## The Objective Functions to Minimize

To get the equation that Frank cites on page 317, we can minimize either of the following functions:

$F(\lambda )=\int _{0}^{\lambda }f(y)h(y)dy\int _{\lambda }^{1}g(y)h(y)dy$

or

$E(\lambda )=\ln(F(\lambda ))=\ln \left(\int _{0}^{\lambda }f(y)h(y)dy\right)+\ln \left(\int _{\lambda }^{1}g(y)h(y)dy\right)$

*F* is probably the more intuitive function: we can see that there's a trade-off point, $\lambda$, at which we switch from producing males to producing females. If we think of the two function $f(x)$ and $g(x)$ as "value" functions, with $f(x)\geq g(x)$ over the interval $x\in [0,1]$, and $h(x)$ as the probability density of the resources distribution (taken as a beta density by Frank), then we're saying that we want to maximize the product of the value of the males **along with** the value of the females. If we take $\lambda =0$ or $\lambda =1$, $F(0)=F(1)=0$; because $F(x)\geq 0$, we know that there is a maximum on the interior of the interval $[0,1]$.

If we differentiate either expression, we will ultimately obtain the equation that Frank cites in his text:

${\frac {f(\lambda )}{\int _{0}^{\lambda }f(y)h(y)dy}}={\frac {g(\lambda )}{\int _{\lambda }^{1}g(y)h(y)dy}}$
which we can then solve for $\lambda$, given the functions *f, g, and h*.

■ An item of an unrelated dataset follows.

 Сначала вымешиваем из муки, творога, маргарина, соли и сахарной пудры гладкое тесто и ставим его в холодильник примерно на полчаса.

$F(\lambda )$ can be normalized without changing the maximizing value of $\lambda$: hence we could use instead

$F(\lambda )={\frac {\int _{0}^{\lambda }f(y)h(y)dy\int _{\lambda }^{1}g(y)h(y)dy}{\int _{0}^{1}f(y)h(y)dy\int _{0}^{1}g(y)h(y)dy}}=\left({\frac {\int _{0}^{\lambda }f(y)h(y)dy}{f_{T}}}\right)\left({\frac {\int _{\lambda }^{1}g(y)h(y)dy}{g_{T}}}\right)$;

hence we can think of $F(\lambda )$ as the product of the fraction of male value achieved by $\lambda$ and the fraction of female value achieved from $\lambda$ on out to the total resource allocation.

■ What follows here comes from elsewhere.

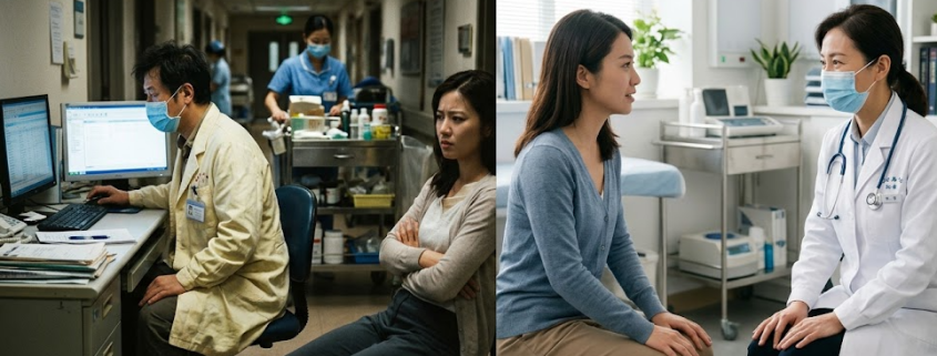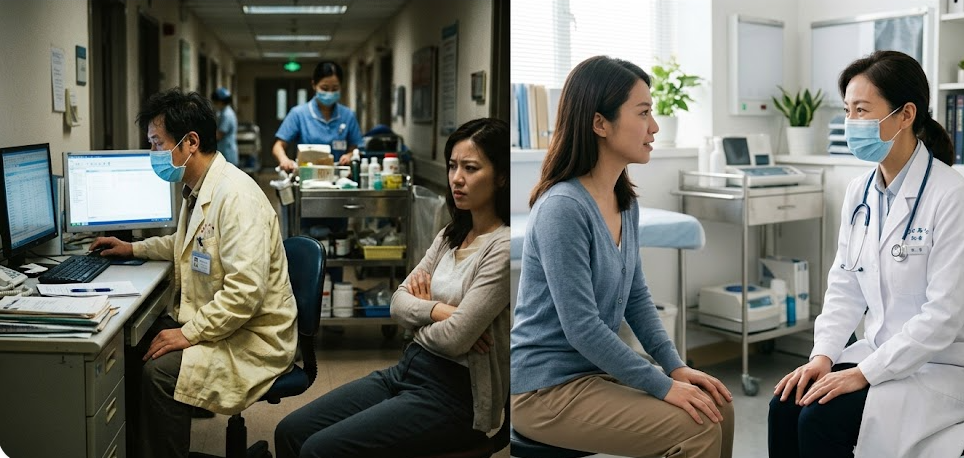 一位带着防备心和审视心态的患者走进诊室。接诊的医生确实有着二十年的丰富临床经验,但他的白大褂洗得有些发黄且皱巴巴的;问诊时,医生的眼神要么盯着电脑屏幕,要么飘忽不定;旁边的护士推着治疗车走进来,“哐当哐当”声音巨大,拿起病历本随意翻得哗哗作响。

## The Minimization with Specific *f, g,* and *h*

Assume that $f(x)=x^{r}$, $g(x)=x$, and $h(x)=\kappa x^{a}(1-x)^{a}$.

We expand $I=\int y^{s}y^{a}(1-y)^{a}dy=\int y^{s}y^{a}\left(\sum _{n=0}^{a}{n \choose k}(-1)^{n}y^{n}\right)dy$

or

$I=\sum _{n=0}^{a}{n \choose k}(-1)^{n}\int y^{n+a+s}dy=\sum _{n=0}^{a}{n \choose k}(-1)^{n}{\frac {y^{n+a+s+1}}{n+a+s+1}}|$

Given our choices of *f* and *g*, we want to evaluate

$I_{f}=\sum _{n=0}^{a}{n \choose k}(-1)^{n}{\frac {y^{n+a+r+1}}{n+a+r+1}}|_{0}^{\lambda }=\sum _{n=0}^{a}{n \choose k}(-1)^{n}{\frac {\lambda ^{n+a+r+1}}{n+a+r+1}}$

and

$I_{g}=\sum _{n=0}^{a}{n \choose k}(-1)^{n}{\frac {y^{n+a+2}}{n+a+2}}|_{\lambda }^{1}=\sum _{n=0}^{a}{n \choose k}(-1)^{n}{\frac {1-\lambda ^{n+a+2}}{n+a+2}}$

Now the equation that we're to solve for $\lambda$ can be written $\lambda ^{r}I_{g}=\lambda I_{f}$ which we can reduce by dividing by $\lambda ^{r}$ (since $\lambda =0$ is not a maximum); thus our equation becomes $I_{g}-\lambda ^{1-r}I_{f}=0$, or

$P(\lambda )=\sum _{n=0}^{a}{n \choose k}(-1)^{n}\left({\frac {1-\lambda ^{n+a+2}}{n+a+2}}-\lambda ^{1-r}{\frac {\lambda ^{n+a+r+1}}{n+a+r+1}}\right)=0$

or

$P(\lambda )=\sum _{n=0}^{a}{n \choose k}(-1)^{n}\left({\frac {1-\lambda ^{n+a+2}}{n+a+2}}-{\frac {\lambda ^{n+a+2}}{n+a+r+1}}\right)=0$

or

$P(\lambda )=\sum _{n=0}^{a}{n \choose k}(-1)^{n}\left({\frac {1}{n+a+2}}-\lambda ^{n+a+2}\left({\frac {1}{n+a+2}}+{\frac {1}{n+a+r+1}}\right)\right)=0$